#### Data extract ####

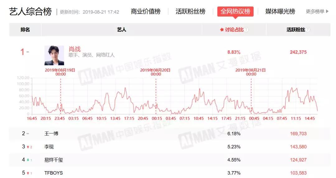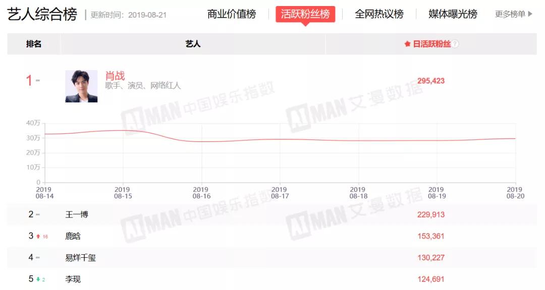 AIMAN中国娱乐指数显示,在全网热议榜和活跃粉丝数中,肖战与王一博均分居冠亚。
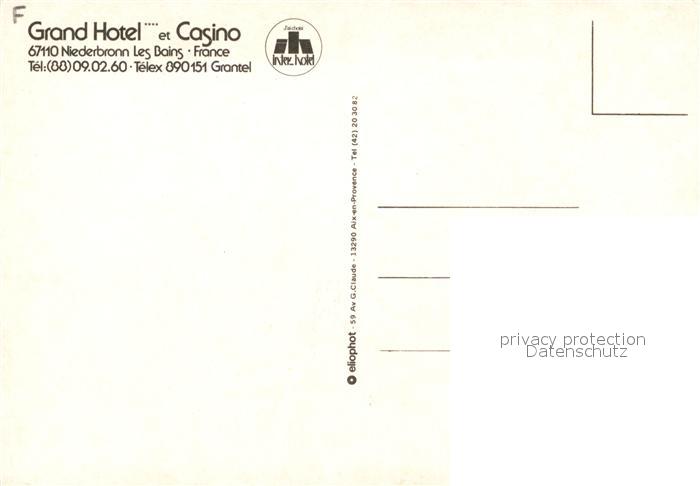13162337 Niederbronn-les-Bains Grand Hotel et Casino postalisch nicht gelaufen Erhaltung siehe scans [FriedD77] KatCode: 11170067267324
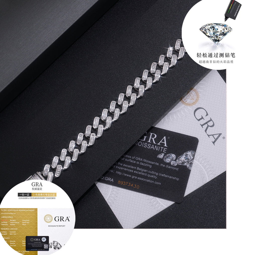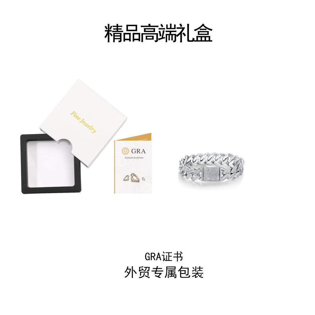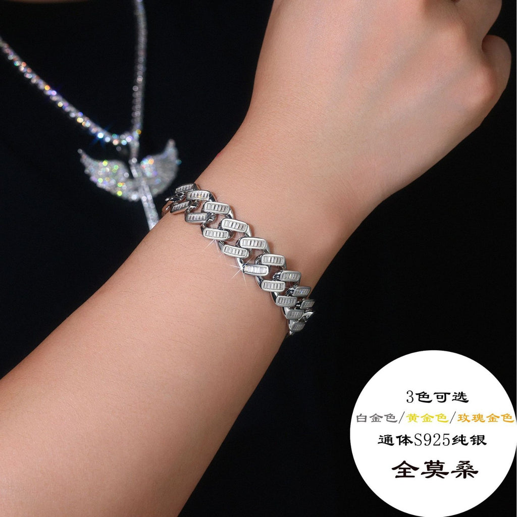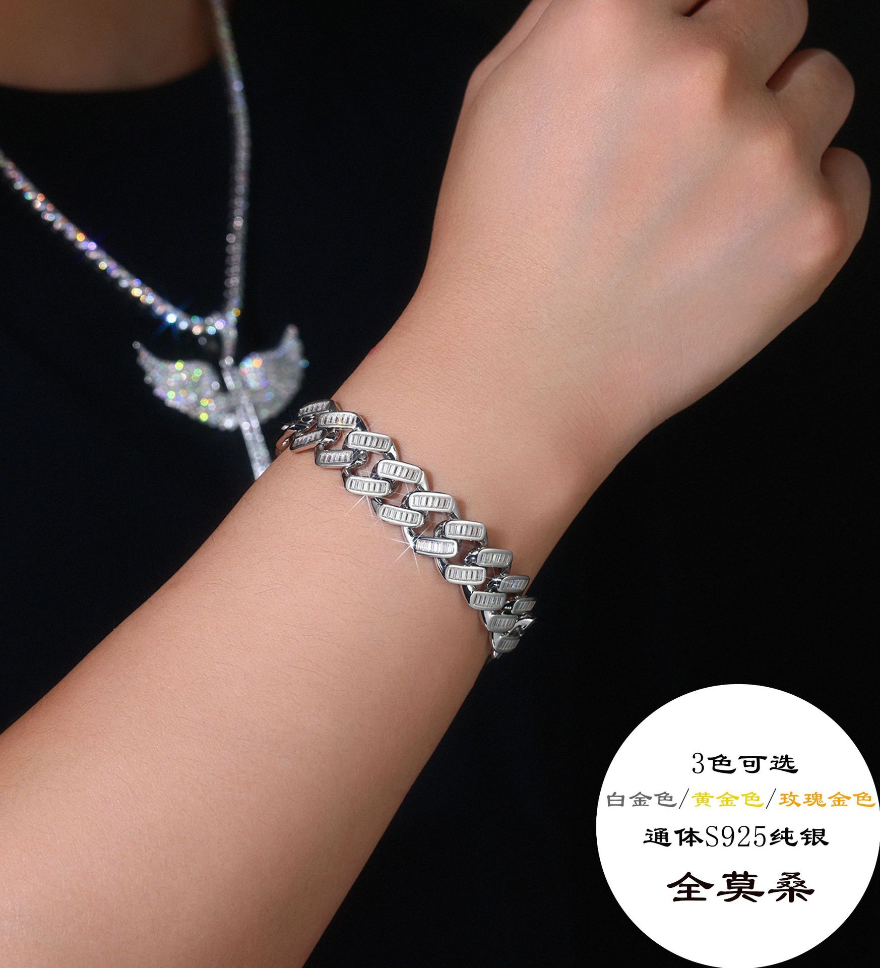 欧美跨境热卖新款嘻哈手链S925纯银D色莫桑石简约高级感男士手饰

####

Problem >>
Should there be pictures in the data, leave them out and return the rest exactly.

Result of the exercise >>
 AIMAN中国娱乐指数显示,在全网热议榜和活跃粉丝数中,肖战与王一博均分居冠亚。
13162337 Niederbronn-les-Bains Grand Hotel et Casino postalisch nicht gelaufen Erhaltung siehe scans [FriedD77] KatCode: 11170067267324
 欧美跨境热卖新款嘻哈手链S925纯银D色莫桑石简约高级感男士手饰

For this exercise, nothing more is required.